5) For a Satake isomorphism in characteristic p, what is K?

Special maximal compact subgroup of G (F)

Hyperspecial maximal compact subgroup of G (F)

Krystal group

Subgroup of G (F)

The correct answer is the hyperspecial maximal compact subgroup of G (F). In the context of a Satake isomorphism in characteristic p, K refers to the hyperspecial maximal compact subgroup of G (F). This subgroup plays a crucial role in the theory of reductive algebraic groups and is used to study the structure and representation theory of these groups.

Explanation

The correct answer is the hyperspecial maximal compact subgroup of G (F). In the context of a Satake isomorphism in characteristic p, K refers to the hyperspecial maximal compact subgroup of G (F). This subgroup plays a crucial role in the theory of reductive algebraic groups and is used to study the structure and representation theory of these groups.

6) For a Satake isomorphism in characteristic p, what is V?

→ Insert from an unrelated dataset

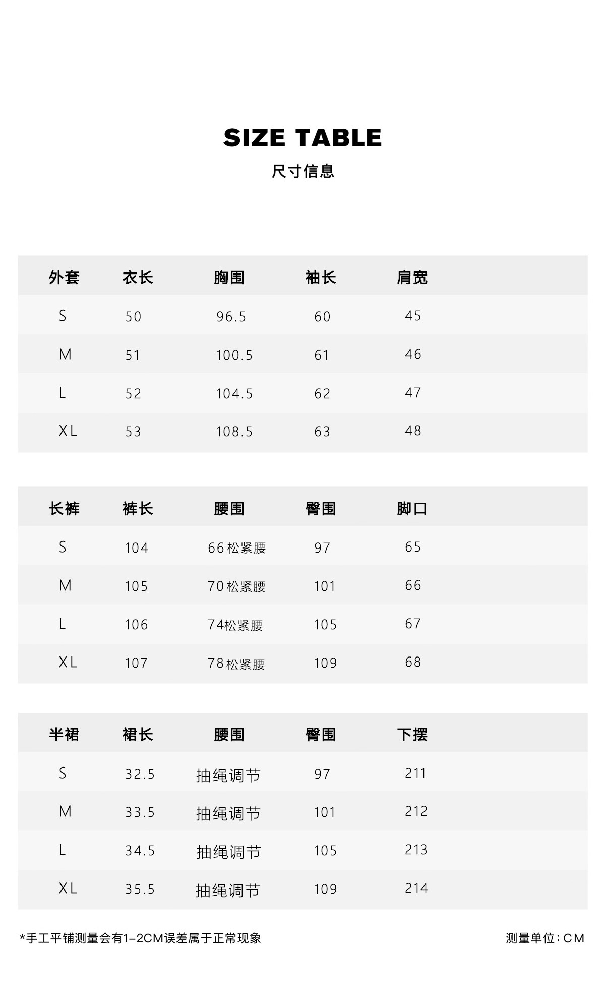 Outseam (cm) 99 cm 101.5 cm 104 cm 106.5 cm 109 cm

Irreducible representation of K

Reducible representation of K

Reductive representation of K

Isomorphic representation of K

The correct answer is "Irreducible representation of K". In the context of a Satake isomorphism in characteristic p, V refers to the irreducible representation of K. This means that the representation cannot be further decomposed into smaller subrepresentations.

Explanation

The correct answer is "Irreducible representation of K". In the context of a Satake isomorphism in characteristic p, V refers to the irreducible representation of K. This means that the representation cannot be further decomposed into smaller subrepresentations.

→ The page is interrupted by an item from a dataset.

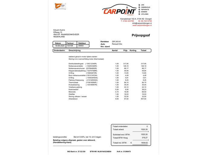 Kilometerstand gecontroleerd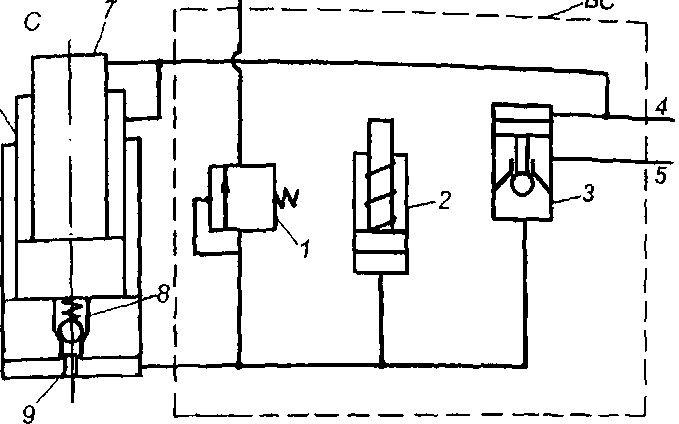 В состав БС входит: 1 - предохранительный клапан, 2 - индикатор давления, 3 - обратный разгрузочный клапан или гидрозамок. Гидролинии 4 и 5 предназначены для соединения стоечного гидроблока с соответствующим гидрораспределителем.

7) Who introduced the geometric version of the Satake isomorphism?

Mirković and Vilonen

Mirković and Markus

Vivian and Vilonen

Charles and Armstrong

Mirković and Vilonen introduced the geometric version of the Satake isomorphism.

Explanation

Mirković and Vilonen introduced the geometric version of the Satake isomorphism.

8) When was Satake isomorphism introduced?

1963

1964

1965

1966

The Satake isomorphism was introduced in 1963.

Explanation

The Satake isomorphism was introduced in 1963.

9) What does G represent?

Trojan group

Chevalley group

Chivallas group

Martins theorem

G represents the Chevalley group. Chevalley groups are a class of algebraic groups introduced by Claude Chevalley. They are defined over a field and have a specific structure that makes them important in the study of algebraic groups and Lie algebras. The other options, Trojan group, Chivallas group, and Martins theorem, are unrelated to the concept of Chevalley groups.

Explanation

G represents the Chevalley group. Chevalley groups are a class of algebraic groups introduced by Claude Chevalley. They are defined over a field and have a specific structure that makes them important in the study of algebraic groups and Lie algebras. The other options, Trojan group, Chivallas group, and Martins theorem, are unrelated to the concept of Chevalley groups.

10) What does K represent?

Non-archimedean local field

Archimedean local field

Local field

Global field

K represents a non-archimedean local field. This type of field is a complete field with a non-archimedean absolute value, meaning that it does not satisfy the archimedean property. In a non-archimedean local field, the absolute value of a nonzero element is a positive real number, and the field is equipped with a topology induced by this absolute value. This is in contrast to an archimedean local field, where the absolute value satisfies the archimedean property. A local field is a field that is complete with respect to a non-trivial absolute value, and a global field is a field that is finite-dimensional over its prime field.

Explanation

K represents a non-archimedean local field. This type of field is a complete field with a non-archimedean absolute value, meaning that it does not satisfy the archimedean property. In a non-archimedean local field, the absolute value of a nonzero element is a positive real number, and the field is equipped with a topology induced by this absolute value. This is in contrast to an archimedean local field, where the absolute value satisfies the archimedean property. A local field is a field that is complete with respect to a non-trivial absolute value, and a global field is a field that is finite-dimensional over its prime field.